Exercise data below:

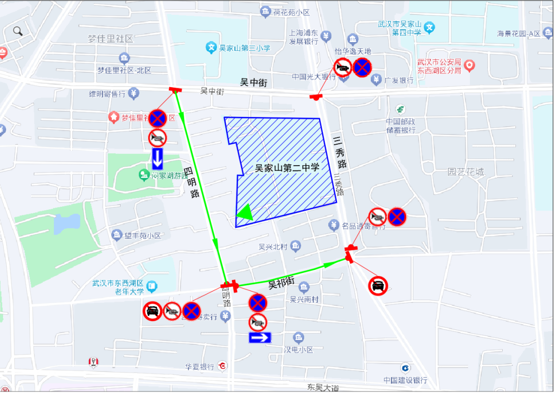 6月20日、6月21日(每日7时至17时30分),6月22日(7时至12时)期间,四明路(吴中街至吴祁街)实行机动车由北向南单向通行,并视情进行管控;吴祁街(四明路至三秀路)实行机动车由西向东单向通行,并视情进行管控;三秀路(吴中路至东吴大道)、吴中街、四明路、吴祁街禁止机动车停放。
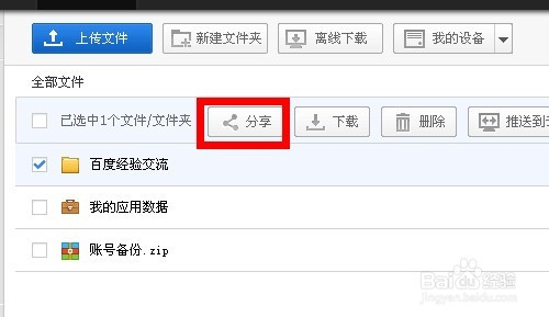 接着在选定需要分享的文件,再点击上面的”分享“按钮。(如下图)
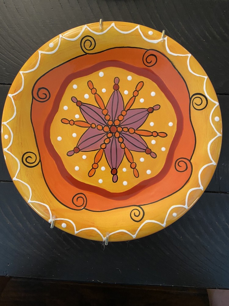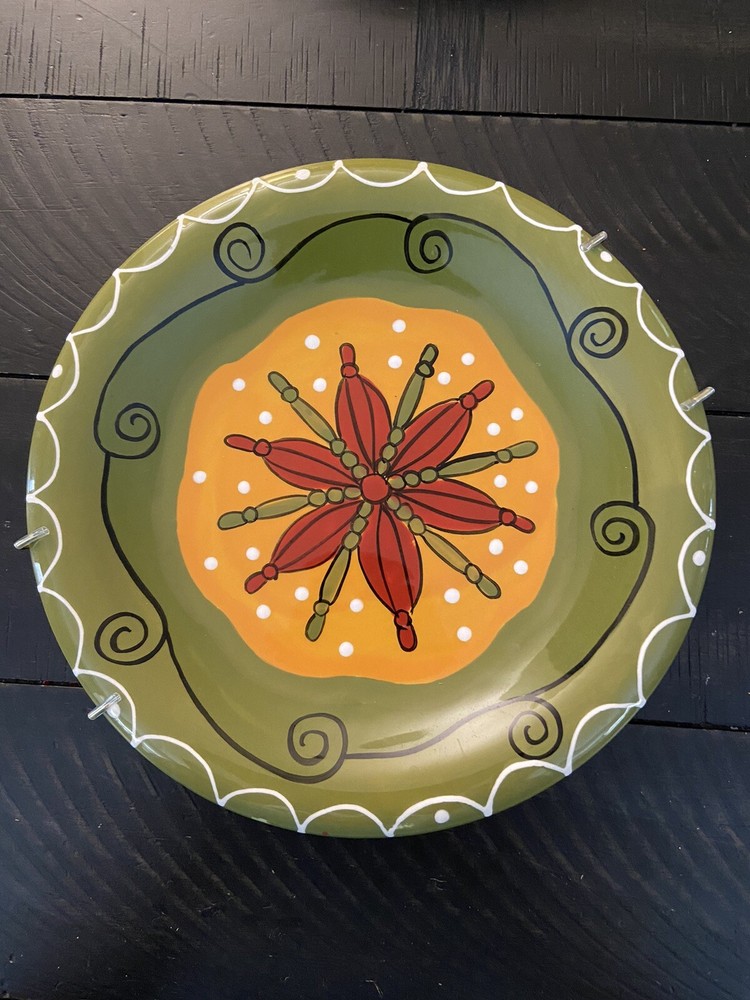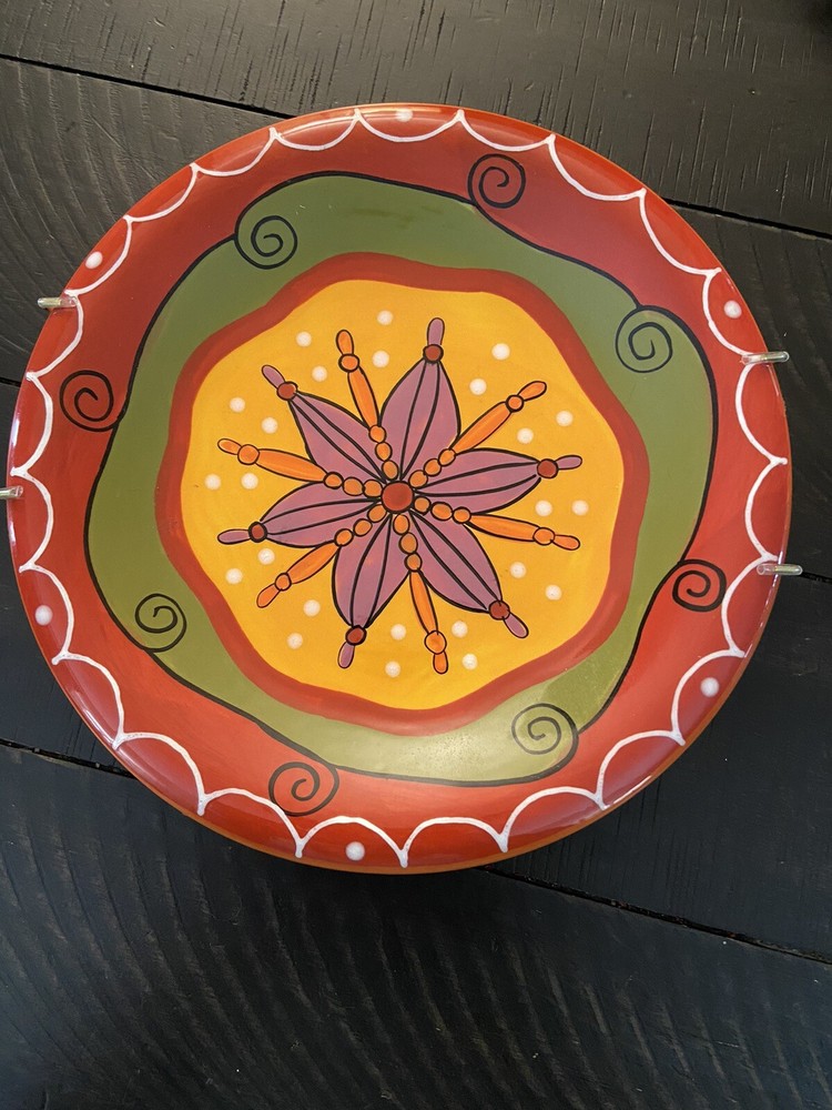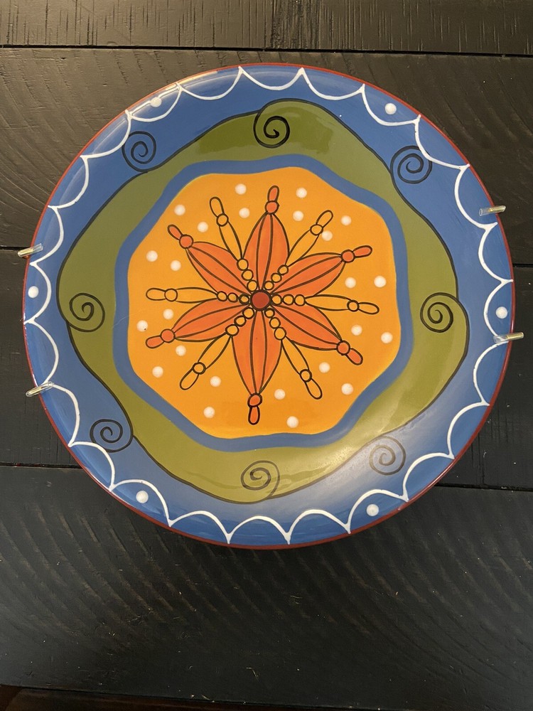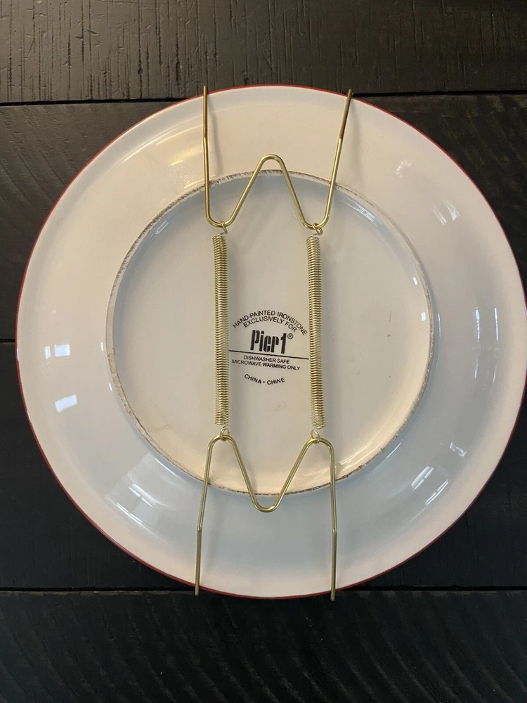 This set of four hand-painted, multi-colored floral Pier 1 Imports salad plates is a beautiful addition to any dinnerware collection. With an 8-inch diameter, these round stoneware plates are perfect for all occasions and feature a glossy finish. The set includes hangers for easy display. Crafted in China, these contemporary original plates are part of the Pier 1 product line and feature a printed backstamp. The plates weigh 5.1 pounds and are suitable for adults. The antique-inspired Art Deco style is complemented by the flower pattern, making them a lovely choice for any table setting or wall decor. Includes plate hangers.

End of Exercise data.

-- Aim of the task --
Would you give the data above again word for word, skipping any images?

-- Response below --
 6月20日、6月21日(每日7时至17时30分),6月22日(7时至12时)期间,四明路(吴中街至吴祁街)实行机动车由北向南单向通行,并视情进行管控;吴祁街(四明路至三秀路)实行机动车由西向东单向通行,并视情进行管控;三秀路(吴中路至东吴大道)、吴中街、四明路、吴祁街禁止机动车停放。
 接着在选定需要分享的文件,再点击上面的”分享“按钮。(如下图)
 This set of four hand-painted, multi-colored floral Pier 1 Imports salad plates is a beautiful addition to any dinnerware collection. With an 8-inch diameter, these round stoneware plates are perfect for all occasions and feature a glossy finish. The set includes hangers for easy display. Crafted in China, these contemporary original plates are part of the Pier 1 product line and feature a printed backstamp. The plates weigh 5.1 pounds and are suitable for adults. The antique-inspired Art Deco style is complemented by the flower pattern, making them a lovely choice for any table setting or wall decor. Includes plate hangers.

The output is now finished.